Я стоял в неудобной позе у стенки в коридоре, полураздетый и дрожащий, нога затекла, колено болело. Очень мне хотелось взглянуть на Лу, прежде чем вернуться в постель. С другой стороны, не хотелось выдать себя, что я подслушивал их разговор. Хотя то, что услышал, все равно казалось невероятным. В нерешительности я чуть пошевелился, чтобы удобнее поставить онемевшую ногу. В ночной тиши это расслышал мой старик.
— Билли? — окликнул он. Перехватило дыхание, я не мог ответить.— Это ты, Билли? — Я услышал скрип стула, и дедушка появился в дверях коридора, очки и седая шевелюра поблескивали в мягком желтом свете лампы.— Почему ты не в кровати?
— Хотел... хотел поздороваться с Лу,— промямлил я.
И вмиг показался он, возник за спиной старика, улыбаясь мне. Лу Мэки, высокий и ловкий, темноглазый, храбрый и благородный.
— Привет, Билли, — сказал он и протянул руку. — Очень хорошо, что ты снова приехал. Подходи, поздороваемся.
2
— Подъем! Эй, туристик, подъем!
Сон отступил, крепкая рука трясет кровать, глаза мои открылись и видят в свете звезд лицо улыбающегося Лу Мэки.
— Проснулся?
— Да-да,— отвечаю.
— Одевайся да поешь. Через десять минут отправляемся.
Я встаю, покачиваясь, тру глаза. В окне звезды блещут, как алмазы на бархате неба, сияют с такой ясностью, будто они не дальше листьев на деревьях.
— Зажгу тебе лампу.— Лу достал спички и запалил фитиль керосиновой лампы.— Сколько тебе яиц, Билли, три или четыре?
— Четыре.— Я гляжу, где мой чемодан. Там нужная мне сегодня одежда.
— Поспешай. Одеться положено за одну минуту.— Лу удаляется по коридору, посвистывая, словно пересмешник.
Открыв чемодан, я натянул на себя голубые джинсы и грубую ковбойскую рубаху с пуговицами — поддельными бриллиантами. Роскошная рубаха. Было прохладно, я торопливо оделся, обулся, прихватил шляпу и потопал навстречу теплу кухни.
Лу, склонясь над печкой, размешивал яйца и картошку в большущей сковороде, края которой лизал огонь с дымом — конфорка была снята. Воздух облагораживался благоуханием горящего можжевельника. Стол был накрыт на троих. Я сперва пошел к раковине, ополоснул лицо холодной водой, вытерся чистым полотенцем, причесался пятерней.

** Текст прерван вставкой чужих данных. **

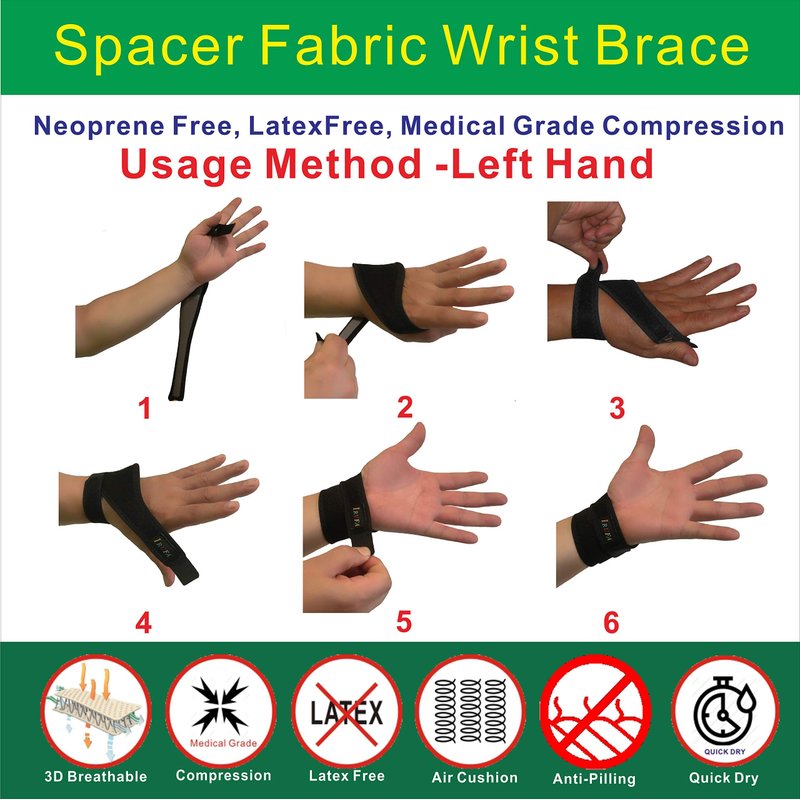 Only Spacer fabric have air cushion effect. Not all the spacer fabrics are the same. Most of spacer fabric in the market do not have enough compression. Irufa have developed a series medical grade compression Spacer fabric and Braces. Spacer Fabric have much more breathable and moisture wicking than Neoprene or PU foam. Not like most of tubular knitted fabric have the latex content and allergy problem. Spacer fabric is latex free and hypo-allergenic. Elastic spacer fabric is much more expensive and comfortable than non-elastic spacer fabric. We choice elastic spacer fabric to meet the customer's need. The criteria to judge a good material for sporting & Medical braces are elastic, enough compression, comfortable, breathable, durable, no allergy, easy care, and additional added on functions. Our patented pacer Fabric can meet all these criteria and should be one of the best material for the sporting & Medical Braces Irufa patented Spacer Brace is 3D breathable, compression and support to treat pain and chronic problem. The Braces is adjustable, easy use, comfortable and effective. Irufa’s patented material are neoprene free and latex free, so you don't have to worry about skin irritations.

— Зови дедушку,— сказал Лу,— еда готова.
Выйдя за сетчатую дверь, я позвал старика. Он стоял на утоптанной земле рядом с верандой, разговаривал с Элоем Перальтой. Отпустил Элоя, хлопнув по плечу, и направился в кухню. Сели втроем за стол, принялись за горячий обильный завтрак, приготовленный Лу. Я ел с невиданным аппетитом.
— Вот как надо наворачивать,— одобрительно улыбался мне Лу.— Посмотри на парня, Джон. Всегда отличишь доброго ковбоя, только глянь, как он ест. Если не как волк, значит, что-то с ним неладно.
— Мы его выходим.— Старик улыбнулся мне. В руке он держал кружку с дымящимся кофе.
— Возьми еще, Билли.— Лу щедро сгреб яичницу мне в тарелку. Я подбавил несколько ломтей ветчины со второй сковородки, намазал ломоть хлеба.— Дело такое,— заговорил он,— встреть мы сегодня льва... я про этого льва с жалостью думаю.
— А ну как найдет он коня прежде, чем мы,— сказал дед.— Конь-то ценный.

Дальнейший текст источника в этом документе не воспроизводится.